7. A method for providing a preservable record of an immunodiffusion reaction, said method comprising: (i) providing an immunodiffusion reaction visualized in a hydrated semi-solid gel sheet on a synthetic resin substrate;

(ii) placing a wetted water absorbent web on the surface of said hydrated semi-solid gel sheet in which said immunodiffusion reaction is visualized to provide a complex comprising said semi-solid gel sheet and said water absorbent web ; and

(iii) subjecting said complex to an elevated temperature to dry said semi-solid sheet in which said immunodiffusion reaction is visualized, wherein, as the temperature of said complex is elevated, said dries evenly to provide on said substrate a dried gel sheet in which said visualization record of said immunodiffusion reaction is preserved.

8. The claim 7 method in which said immunodiffusion reaction is a single radial immunodiffusion reaction, a double immunodiffusion reaction, or an electrodiffusion reaction.

9. The claim 7 or claim 8 method in which said semi-solid gel sheet is an agarose gel sheet and said absorbent web is blotting paper.

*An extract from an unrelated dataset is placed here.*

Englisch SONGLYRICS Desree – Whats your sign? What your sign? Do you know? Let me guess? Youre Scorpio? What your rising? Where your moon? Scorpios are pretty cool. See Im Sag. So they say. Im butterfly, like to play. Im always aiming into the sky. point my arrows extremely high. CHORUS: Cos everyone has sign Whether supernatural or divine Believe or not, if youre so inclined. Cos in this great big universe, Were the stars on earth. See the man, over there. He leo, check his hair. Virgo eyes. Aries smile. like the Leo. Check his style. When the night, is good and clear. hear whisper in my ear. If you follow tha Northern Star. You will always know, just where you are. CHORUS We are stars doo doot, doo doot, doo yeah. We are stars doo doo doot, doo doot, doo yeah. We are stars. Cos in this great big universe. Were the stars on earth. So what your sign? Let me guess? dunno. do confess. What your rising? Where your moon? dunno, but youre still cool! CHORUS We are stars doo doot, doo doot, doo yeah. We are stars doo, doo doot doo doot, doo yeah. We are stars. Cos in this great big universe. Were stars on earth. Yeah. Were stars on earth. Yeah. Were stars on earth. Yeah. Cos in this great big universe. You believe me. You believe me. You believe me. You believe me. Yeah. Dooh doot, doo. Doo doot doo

10. The claim 7 or claim 8 method in which said synthetic resin substrate is a flexible or semi-rigid sheet having a thickness of 1 to 5 mm formed from a polyolefin, a vinyl polymer, or a polycarbonate.

11. The claim 7 or claim 8 method in which said synthetic resin substrate is polyethylene, polypropylene, polyvinylchloride, poly ethylmethacrylate, or polycarbonate.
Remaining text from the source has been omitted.